Macht in der Proteomik?

Zuschüsse erfordern häufig eine Leistungsanalyse, um eine vorgeschlagene Stichprobengröße zu unterstützen. In der Proteomik (und den meisten -omics) gibt es 100 bis 1000 Merkmale / Variablen, die über 10 Proben gemessen werden (vielleicht 100, aber unwahrscheinlich). Es ist auch bekannt, dass einige dieser Maßeinheiten (z. B. Spektralzahlen von Proteinen) nicht normal verteilt sind, weshalb wir einen nichtparametrischen Test für die Analyse verwenden werden. Ich habe die Leistung einer Stichprobengröße unter der Annahme einer einzelnen Messung und eines T-Tests gesehen, aber ich denke nicht, dass dies völlig korrekt ist. Ein weiteres Problem bei der Spektralzählung besteht insbesondere darin, dass jedes der 100 Merkmale auf sehr unterschiedlichen Skalen mit sehr unterschiedlichen Fehlern vorliegt (größere Werte haben weniger Fehler). [Dieses Problem ist im Limit-Fold-Change-Modell, Mutch et al., 2002, gut beschrieben . ]
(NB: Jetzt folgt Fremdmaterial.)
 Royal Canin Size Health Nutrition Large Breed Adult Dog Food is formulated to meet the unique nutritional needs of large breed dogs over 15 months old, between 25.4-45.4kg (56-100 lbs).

Was wäre der geeignete Weg, um die Leistung einer vorgeschlagenen Stichprobengröße unter Berücksichtigung einiger FDR-Annahmen und einer akzeptablen Faltveränderung zu bestimmen? Mit dem Tool hier konnte ich Folgendes feststellen:

• 300 Gene
• 3 falsch positive Ergebnisse
• 1,4-fache Unterschiede
• 0,8 gewünschte Leistung
• 0,7 stdev

erfordert eine Stichprobengröße pro Gruppe von 49.
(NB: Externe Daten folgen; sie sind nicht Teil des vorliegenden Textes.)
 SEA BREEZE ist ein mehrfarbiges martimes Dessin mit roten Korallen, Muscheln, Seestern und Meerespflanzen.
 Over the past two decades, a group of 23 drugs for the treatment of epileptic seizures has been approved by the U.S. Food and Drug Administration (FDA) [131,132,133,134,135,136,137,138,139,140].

Dies war praktisch, da ich ein 50v50-Design vorschlage, weiß, dass eine 1,4-fache Änderung ziemlich akzeptiert ist, 1% FDR in Ordnung ist und ich wahrscheinlich 300 Proteine ​​in diesem Experiment messen werde. Dieses Problem der Berechnung der Leistung oder der Stichprobengröße wird weiterhin auftreten, daher wäre es schön, einen referenzierten Ansatz zu haben.

EDIT: Ich habe gelesen, wo ein Kollege vorgeschlagen hat, Spektralzählungen aus negativen Binominalverteilungen unter Verwendung der Wahrscheinlichkeitsfunktion, gefolgt von einem Wald-Test, zu modellieren. Grundsätzlich werden vorläufige Daten verwendet, um Proteinvarianzschätzungen zu erhalten und dann nachweisbare Faltungsänderungen zwischen Gruppen für jedes Quantil zu berechnen. Es gibt auch einen FDR (Alpha) -Eingang. Bei einer Leistung von> 80% und einer festgelegten Stichprobengröße können sie nachweisbare Faltungsänderungen für 25% niedrigste Varianz, 50% kleinere Varianz und 25% höchste Varianz bestimmen. Das Problem ist, dass ich nicht weiß, wie sie das gemacht haben. Ich bin mir nicht sicher, ob das Teilen dieses Ansatzes jemandem mit einer möglichen Antwort hilft.

In Anwendungen (insbesondere in ethischen Anwendungen, in denen Sie eine Leistungsstudie durchführen müssen) verwende ich diese Referenz gerne [Wang und Chen 2004], da sie das Konzept einer Leistungsberechnung für Hochdurchsatzdaten (unabhängig von den tatsächlichen Daten) gut erklärt. .

Im Wesentlichen verwenden Sie zusätzlich zu den üblichen Parametern (α, β, N, Effektgröße) zwei zusätzliche Parameter, λ und η. Letzteres, η, ist die angenommene Anzahl wirklich veränderter Gene, und λ ist der Anteil der wirklich veränderten Gene, die Sie nachweisen möchten. Mit diesem Ansatz ist es recht einfach, bekannte Leistungsberechnungen auf Daten mit hohem Durchsatz zu erweitern.

Wang, Sue-Jane und James J. Chen. "Probengröße zur Identifizierung differentiell exprimierter Gene in Microarray-Experimenten." Journal of Computational Biology 11.4 (2004): 714 & ndash; 726.